Le barrage le plus haut de France est à 128 mètres de plus que d’habitude

Depuis dix ans, le barrage hydroélectrique de Tignes ’avait pas connu un tel volume d’eau.

À la mi-novembre, la surface du lac du Chevril a atteint 1 788 mètres au-dessus du niveau de la mer. « C’est le fruit de la gestion programmée et maîtrisée de la fonte des neiges et des épisodes de pluie cette année », argumente Johan Perrichon, responsable de l’exploitation de Tignes-Malgovert, pour EDF Hydroalpes.

Jusqu’à 1/4 de la production d’électricité en France

À l’approche de l’hiver, la réserve en énergie renouvelable est on ne peut plus parée pour répondre rapidement et efficacement à la demande du réseau électrique français. Avec ses 235 mètres cubes, soit 110 000 piscines olympiques, l’aménagement tignard peut représenter jusqu’à 25 % de la production d’électricité en France, lors des pics de consommation. En hiver, de la mi-novembre à fin mars, les besoins se concentrent généralement en semaine, le matin ou en début de soirée.

Une montée des eaux à anticiper

« Nous avons une stratégie globale de stockage important pour l’hiver, mais cela dépend de la matière première que l’on reçoit chaque année. On essaie d’anticiper au maximum et de s’appuyer sur les prévisions que l’on reçoit sur deux semaines ».

Grâce à des systèmes de surveillance, le niveau de l’eau est mesuré en temps réel par une trentaine de techniciens, en amont du barrage. Des précautions de sécurité accrues par la fréquentation touristique que connaît le site, même en période hivernale. « On avait encore une marge d’une dizaine de centimètres, avant que la capacité maximale soit atteinte », précise le trentenaire, Johan Perrichon.

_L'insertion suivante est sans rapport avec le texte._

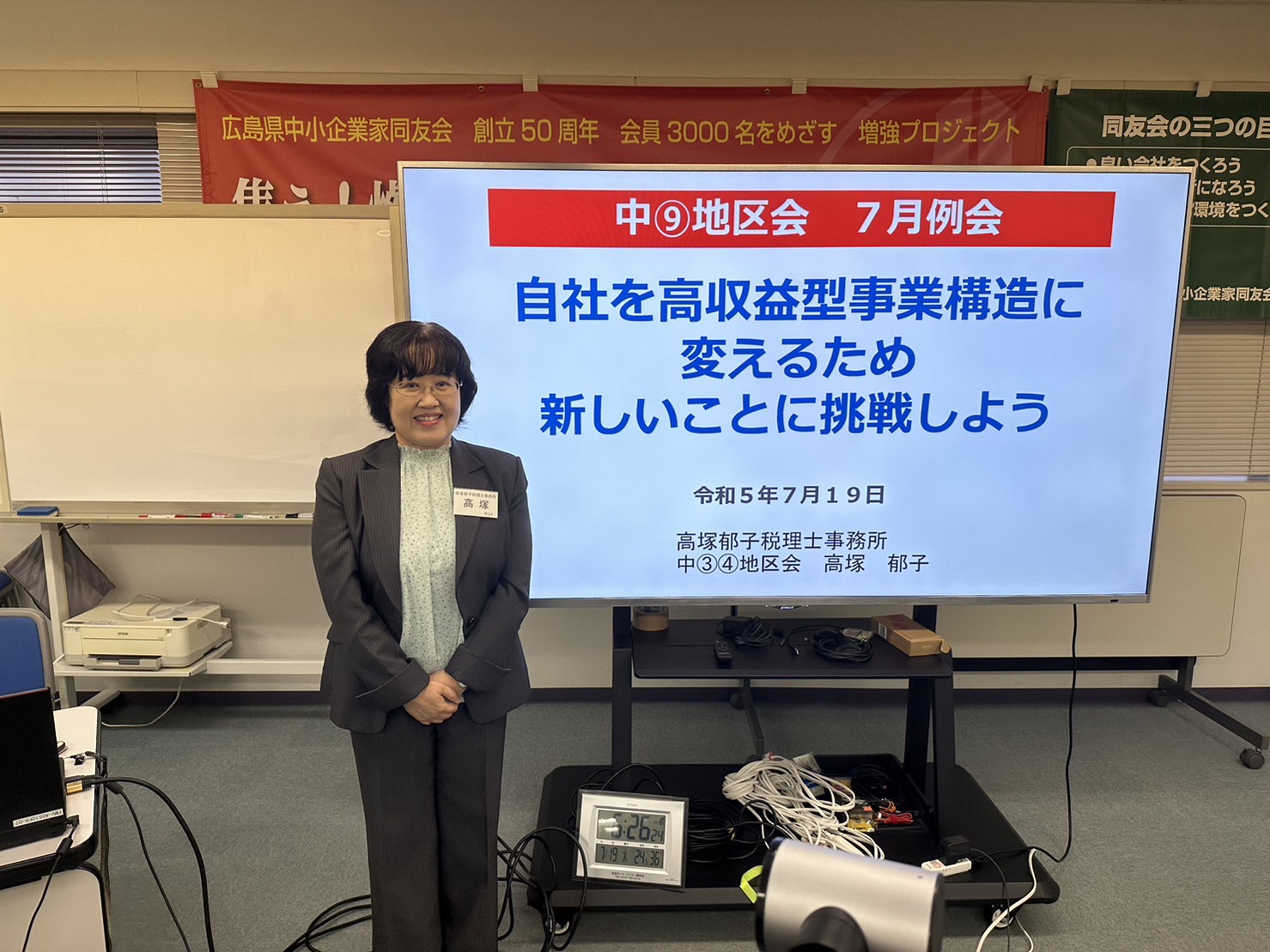 中⑨地区会の7月例会は、中③④地区会の経営計画コンサルタント・税理士の高塚郁子氏をお招きし、【自社を高収益型事業構造に変えるために新しい事に挑戦しよう】をテーマに例会を開催しました。

À la mi-décembre, la réserve du barrage a déjà perdu 60 millions de mètres cubes. Cette montagne d’eau n’aurait pu être accueillie, sans l’anticipation de travaux de maintenance effectués à l’automne, où l’infrastructure a quasiment été mise à nue.

 

A Tignes (Savoie), le 12 décembre 2024. A Tignes, le niveau du barrage est élevé depuis cet automne. Le plus haut niveau d'eau, mesuré en novembre, a été de 1788 mètres. Photo : Tom Pham Van Suu / Le Dauphiné Libéré Photo Tom Pham Van Suu
A Tignes (Savoie), le 12 décembre 2024. A Tignes, le niveau du barrage est élevé depuis cet automne. Le plus haut niveau d'eau, mesuré en novembre, a été de 1788 mètres. Photo : Tom Pham Van Suu / Le Dauphiné Libéré Photo Tom Pham Van Suu

Des travaux de maintenance cet automne

« Depuis le début de l’année, on avait turbiné l’eau, pour arriver en avril avec une cote très proche de celle de l’exploitation minimale ». Parmi les travaux les plus importants, une turbine de 45 tonnes, et de deux mètres et demi de diamètre, a été démontée puis restaurée pour la centrale des Brévières. « Il faut imaginer un gros robinet en acier, où l’eau transite comme dans la roue d’un moulin. Elle va générer de l’électricité via un alternateur », détaille le technicien qui a travaillé pour EDF en Maurienne. Les équipes du barrage ont la latitude d’avoir un marnage (variation du niveau de l’eau) extrême, du fait que l’équipement soit le plus haut barrage de France. À la fin mars, la cote devrait retrouver son niveau normal.